Like many girls, I had a diary as a child. That is where my deepest thoughts were kept. There were entries about various people, what they had done and how I felt about them. Some were friends and others family. It is also where I wrote my secrets.
People can be snoopy, especially siblings. Because of that, I knew that at any moment my diary could be found and read by those living in my home. The same people who I had written about on the pages inside. Therefore, I decided to post the following warning on the inside cover of my diary:
“To anyone who may read this diary – First of all, no one should be reading this. If you are, I apologize for whatever it may say that may upset you. This entire diary is full of my most personal feelings and things I have done that I want no one to know about. Many of which I regret. So if anyone is reading this, again I apologize and I want you to keep in mind that this is all from the past.” ~ written 1995
Even though this blog is on the world wide web and anyone can see it, at any given moment, the warning above still applies.
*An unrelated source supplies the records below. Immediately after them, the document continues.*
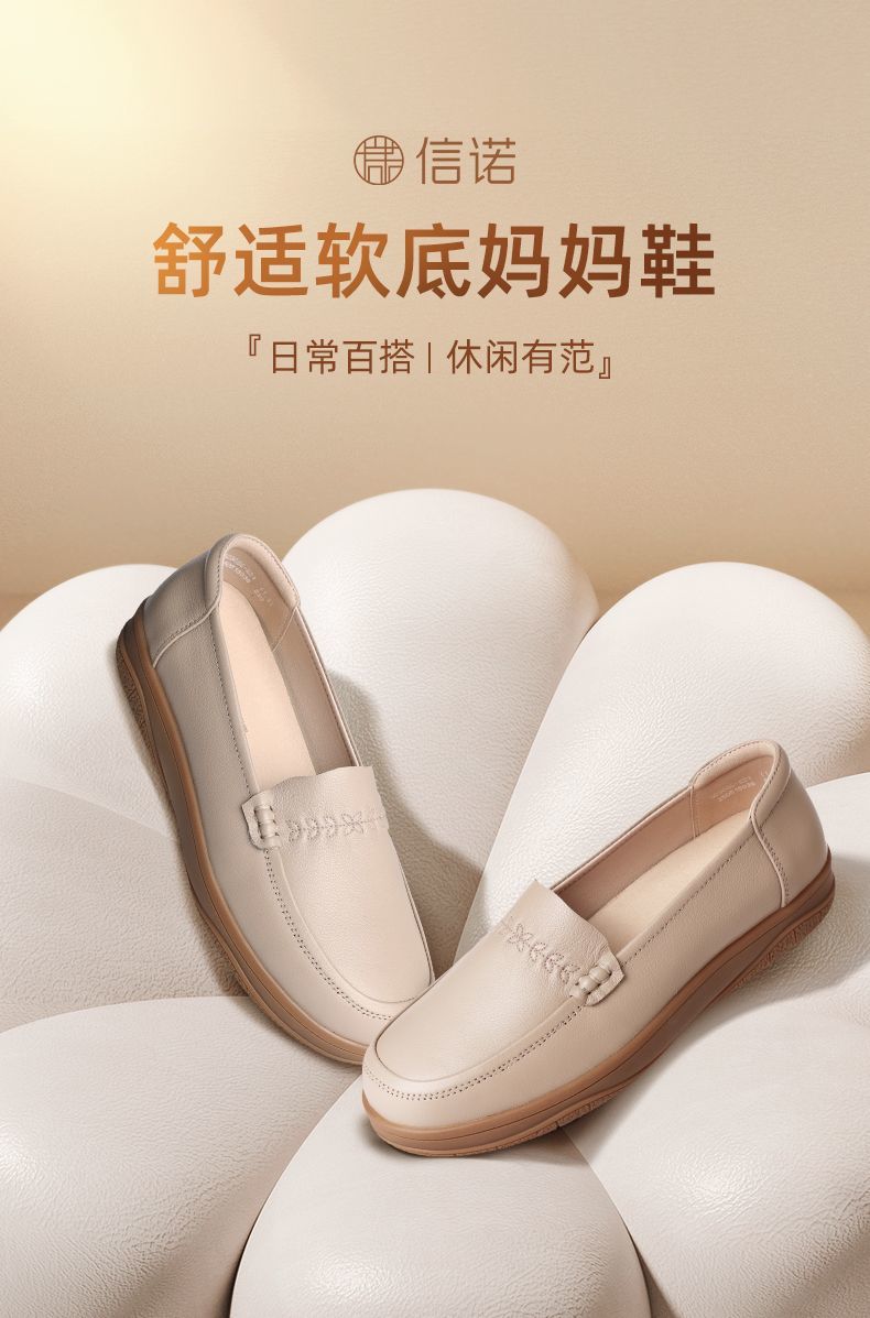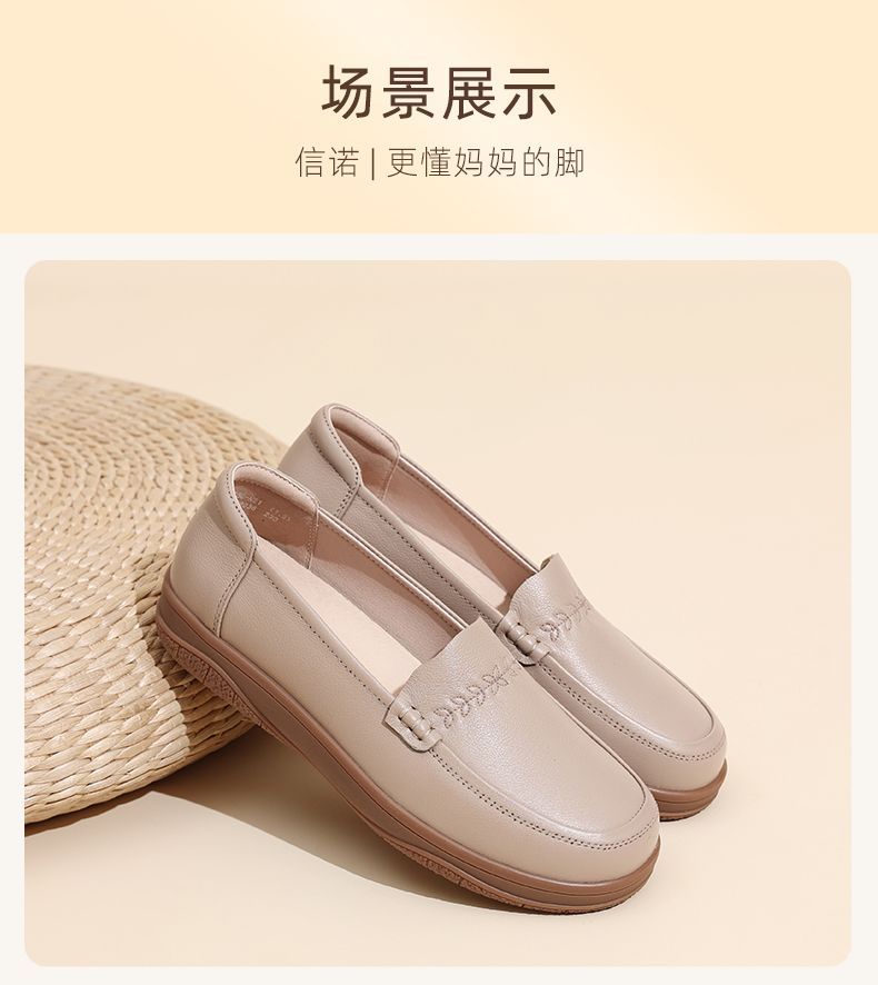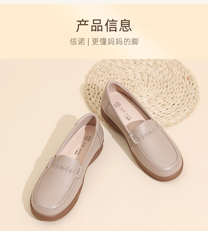 信诺真皮妈妈鞋2025新款秋季中老年舒适不累脚单鞋软底大码皮鞋女5Q3066-21
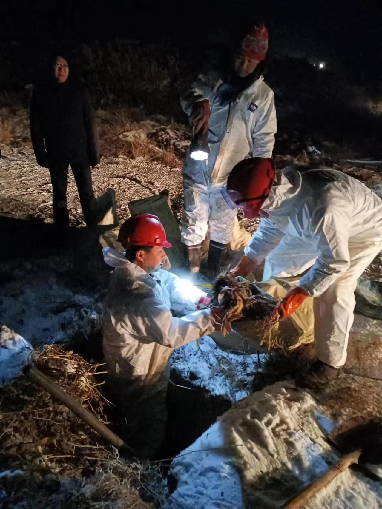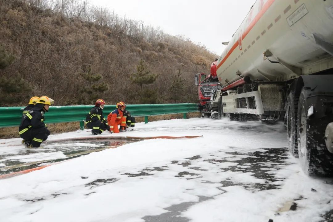 风雪交加,国道沟深路滑,应急救援车行驶了近7个小时后到达现场开展泄漏污染物清理工作。由于现场无法使用机械设备,新天地公司应急救援队人员只能穿好防护服进行人工清理。零下8℃的雪天,队员们大汗淋漓,人群中冒出一股股热气。经过近6个小时的紧张作战,直至深夜,现场共清理污染油泥9.38吨,均运回省危废处置中心安全处置。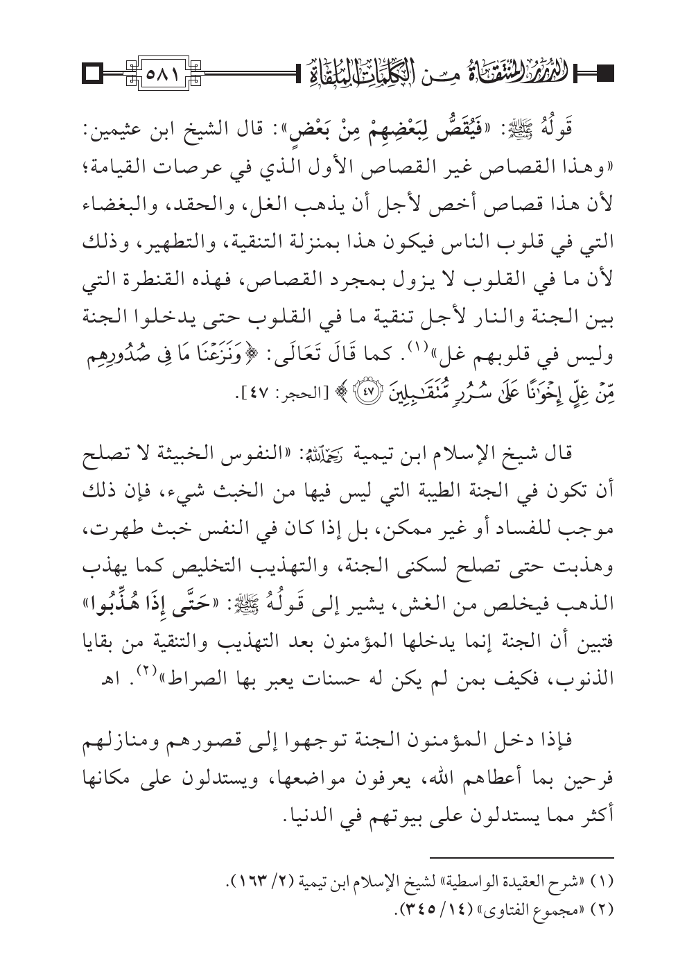 قَولُهُ صلى اللهُ عليه وسلم: «فَيُقَصُّ لِبَعْضِهِمْ مِنْ بَعْضٍ»: قال الشيخ ابن عثيمين: «وهذا القصاص غير القصاص الأول الذي في عرصات القيامة؛ لأن هذا قصاص أخص لأجل أن يذهب الغل، والحقد، والبغضاء التي في قلوب الناس فيكون هذا بمنزلة التنقية، والتطهير، وذلك لأن ما في القلوب لا يزول بمجرد القصاص، فهذه القنطرة التي بين الجنة والنار لأجل تنقية ما في القلوب حتى يدخلوا الجنة وليس في قلوبهم غل» (¬١). كما قَالَ تَعَالَى: {وَنَزَعْنَا مَا فِي صُدُورِهِم مِّنْ غِلٍّ إِخْوَانًا عَلَى سُرُرٍ مُّتَقَابِلِين (٤٧)} [الحجر: ٤٧].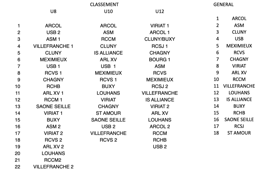 Voici les classements par catégories et le classement général du tournoi du 1er mai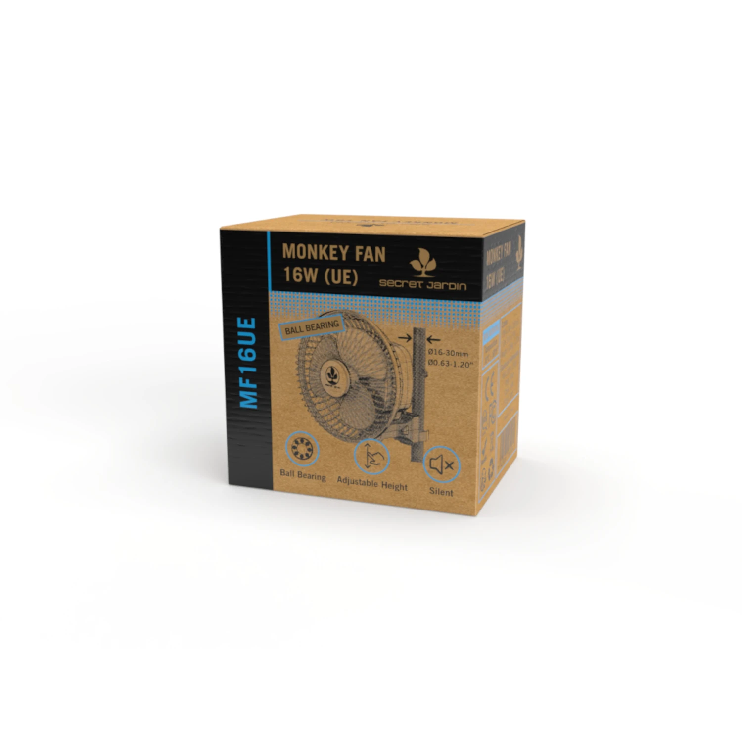 Der Secret Jardin Monkey Fan ist ein Umluftventilator mit zwei Schaltstufen und ideal für den Einsatz in Growzelten geeignet, da er einfach an die Stangen geklippt werden kann. Er wird mit drei Fixierungselementen geliefert und passt sich an alle Stangen mit einem Durchmesser von 16 bis 30 mm an.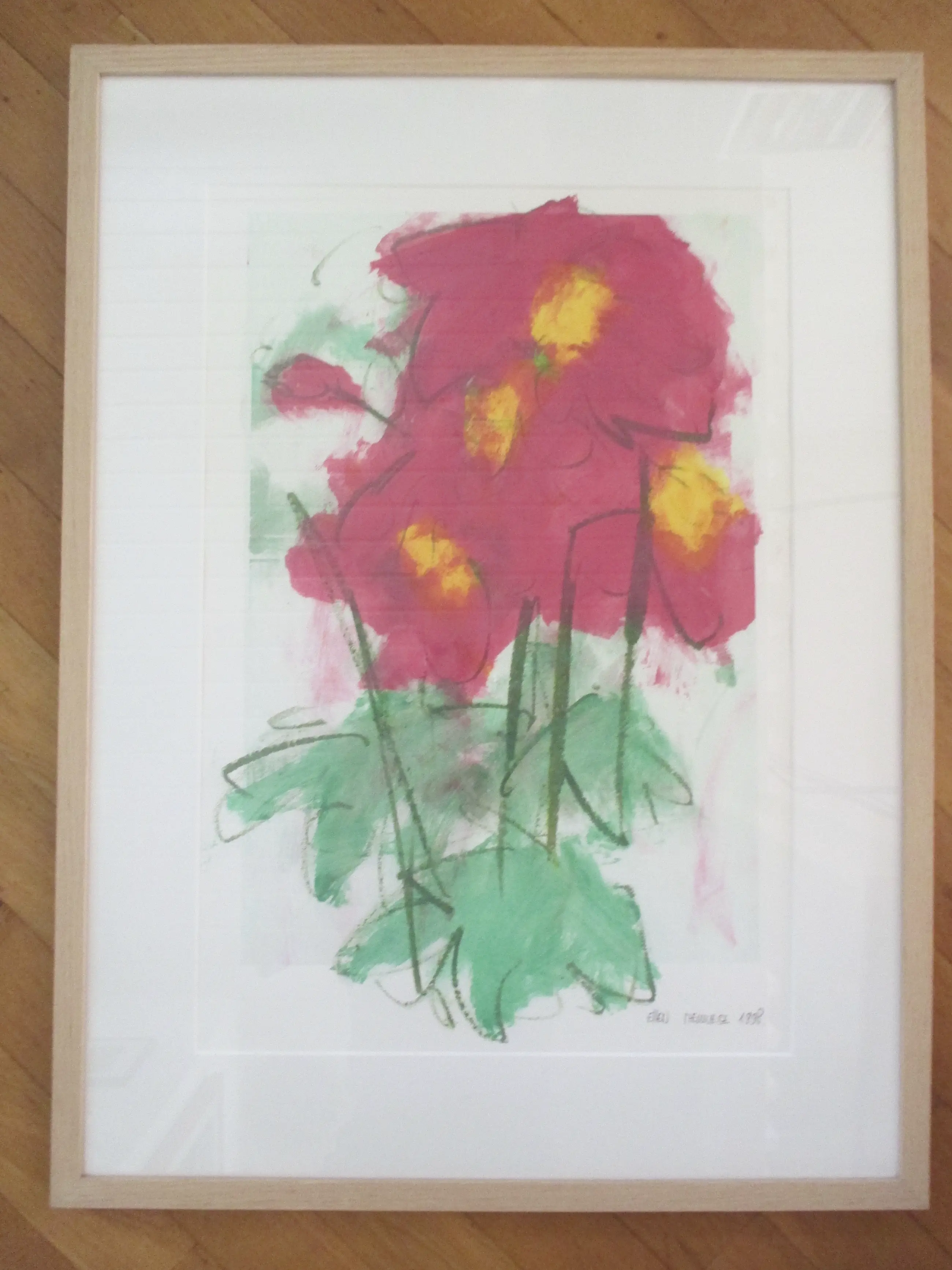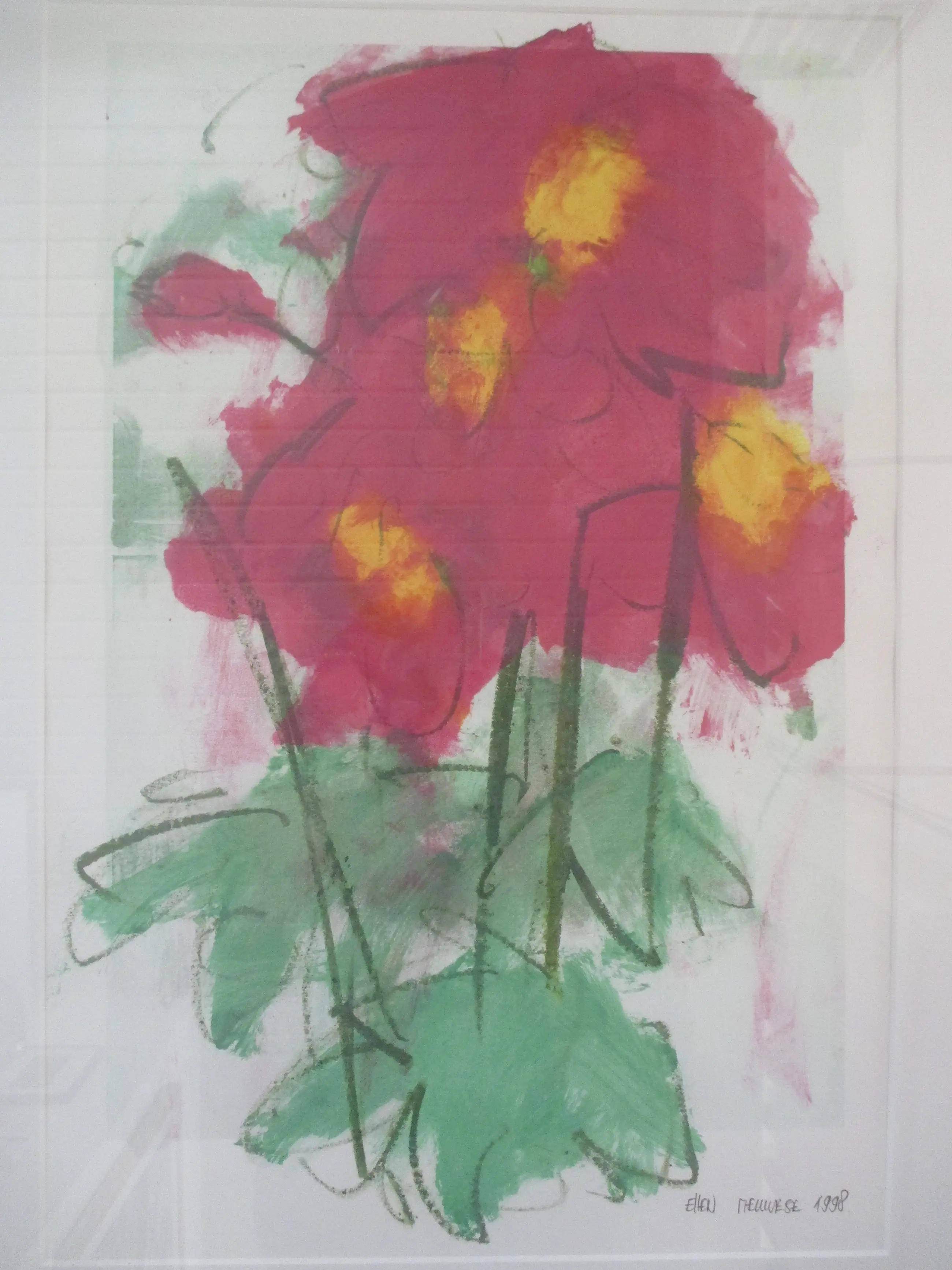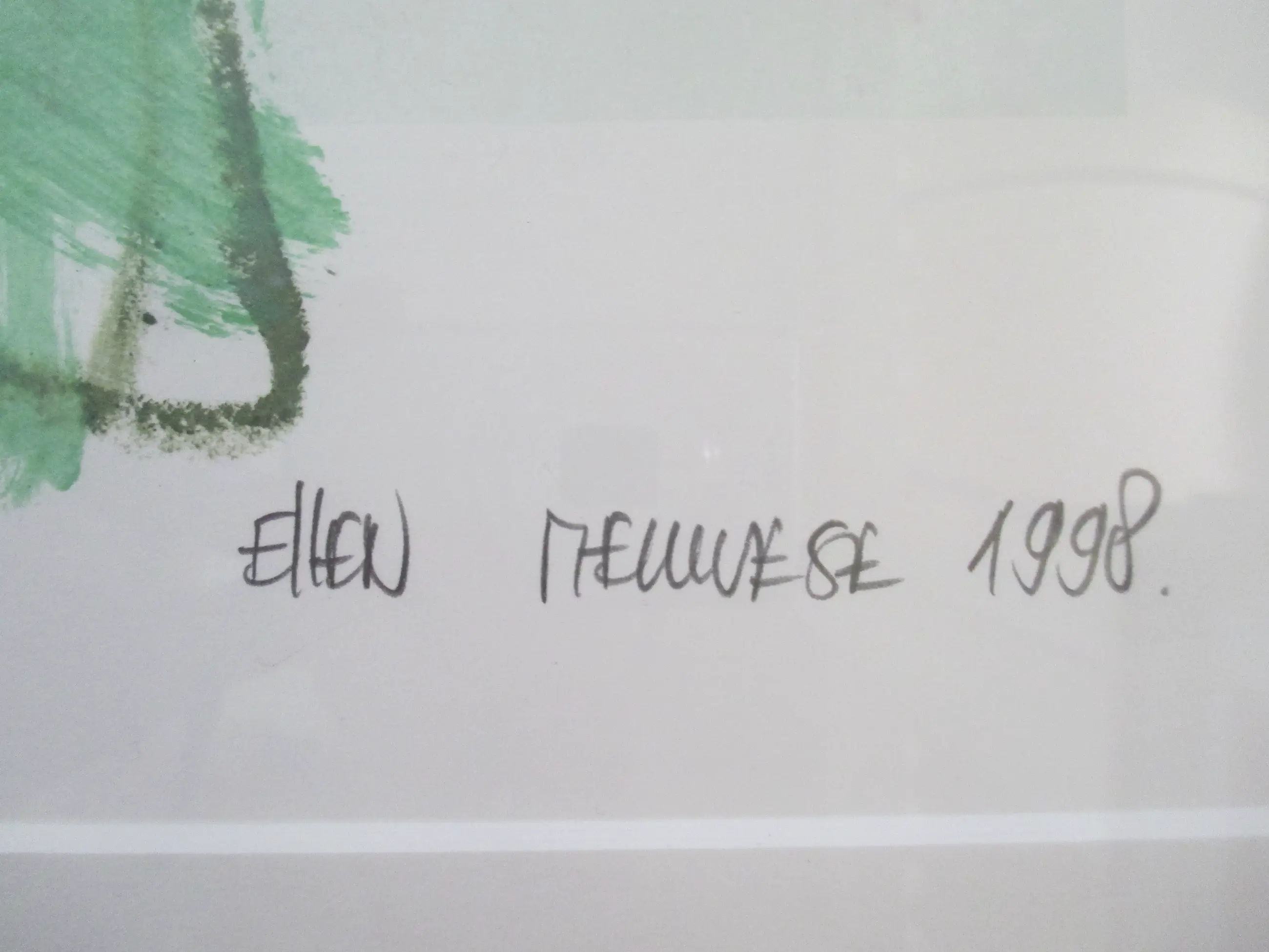 Monoprint van Ellen Meuwese, gesigneerd, gedateerd in potlood. Een monoprint is een uniek werk. Ingelijst achter passe-partout en glas in houten Barth lijst. Verzending aangetekend 19 euro. Bij verzending is glasbreuk voor risico van de koper. verzending alleen binnen Nederland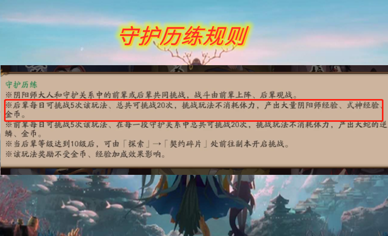 各位小伙伴们大家好啊,在这里先祝大家每日一抽都能出未收录。阴阳师作为国内二次元手游的老大哥一直都在社交这一块下功夫,而要说阴阳师中社交的集大成者是谁那一定得说是师徒系统。最近阴阳师官方又对师徒系统进行了一波调整,这次新增了一个一天可打出100金蛇皮的的心小活动—守护历练。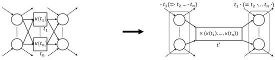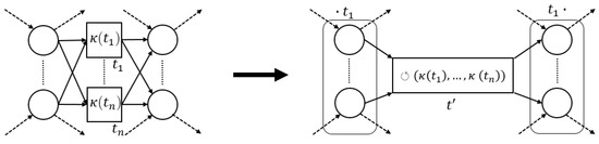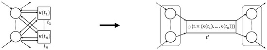 The →-operator, i.e., , describes sequential behavior, hence, any subnet describing strictly sequential behavior, describes the same language. If a transition always, uniquely, enables transition , which in turn enables transition , and, whenever has fired, the only way to consume all tokens from is by means of firing , and, similarly, the only way to consume all tokens from is by means of firing , etc.; then, are in a sequential relation. We visualize the →-pattern in the left-hand side of Figure 9. Note that, in the visualization, we omit and , respectively, i.e., and .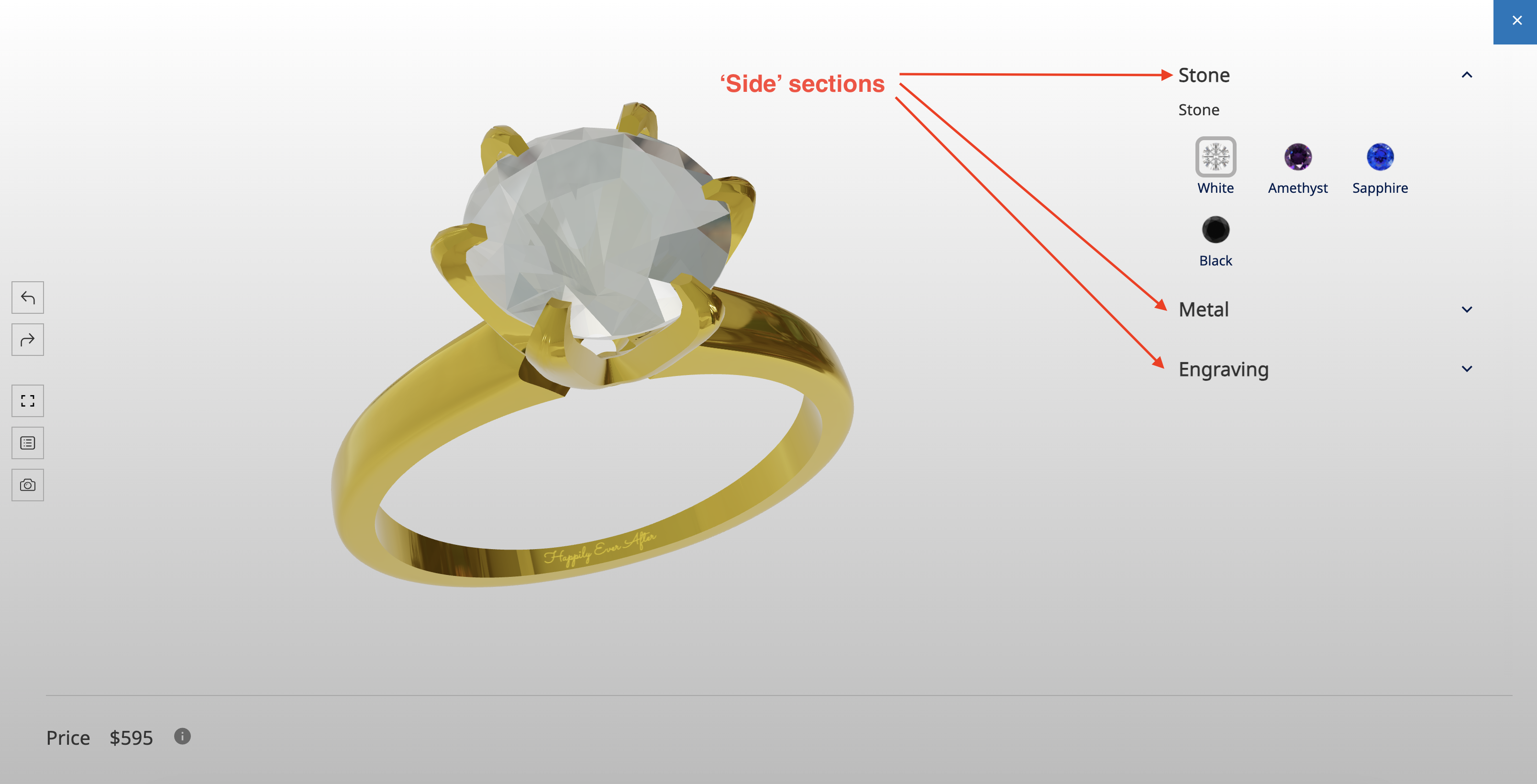The side sections allow you to group your options into a configurator. These sections are best suited for left and right vertical menus, but can be used for horizontal menus in a layout configurator.

When I began this blog, it was for the purpose of helping me along my path toward self improvement. It was a place where I could learn myself, by being able to be myself. Out in the real world we are always trying to live up to the expectations of others. Out there, I try my best to be everything that I’m supposed to be. I put on the smile that everyone wants to see and the laughter people expect to hear.
In reality my life is pretty good, especially compared to how it could be. I have a great deal of things to be thankful for. However, I certainly don’t have it all put together and I doubt that I ever will. Learning is a life long journey. I needed a place where I could just be me. The inner me remains just that. On the inside and that gets tiring. She wants to live too.
On here, I don’t have to put on a smile if I don’t feel like it. I also have the liberty to share my thoughts and opinions openly. That’s something that is very difficult to do in the real world, because as much as people say they don’t judge you, they do. (That is why I have chosen to remain anonymous on this blog.) To my readers, if you judge me, you judge me. It bothers me to a degree, but it doesn’t have nearly the same impact as it does from those who I know personally.
To any snoopers who may drop by, this is my outlet. This is the inner me. The ‘me’ that I spend so much of my time keeping quiet, keeping hidden. She needs to breathe. She may be down one day, up the next. She may be opinionated and sometimes just strange. One thing is for certain, she’s going to speak what’s on her mind.
So as I said in my warning above, if you decide to read what is written here, “I apologize for whatever it may say that may upset you.” With that, be thankful that I have a place to breathe. This blog has been a tremendous help to me.
It’s also not all about selfish gain, because what I learn here is constantly being shared with those in my real life. Whether it be compassion, understanding, different perspectives or changing the way I respond to situations, other people benefit from this as well. It’s not all about me. It’s also about you, the reader – whoever you are.
As for my fellow bloggers – thank you. You have all had such a great impact on my life. You have taught me many things. You have changed my way of thinking. Through your posts, I have discovered my flaws and weaknesses. You have made me cry and you have made me laugh. I appreciate you. All of you.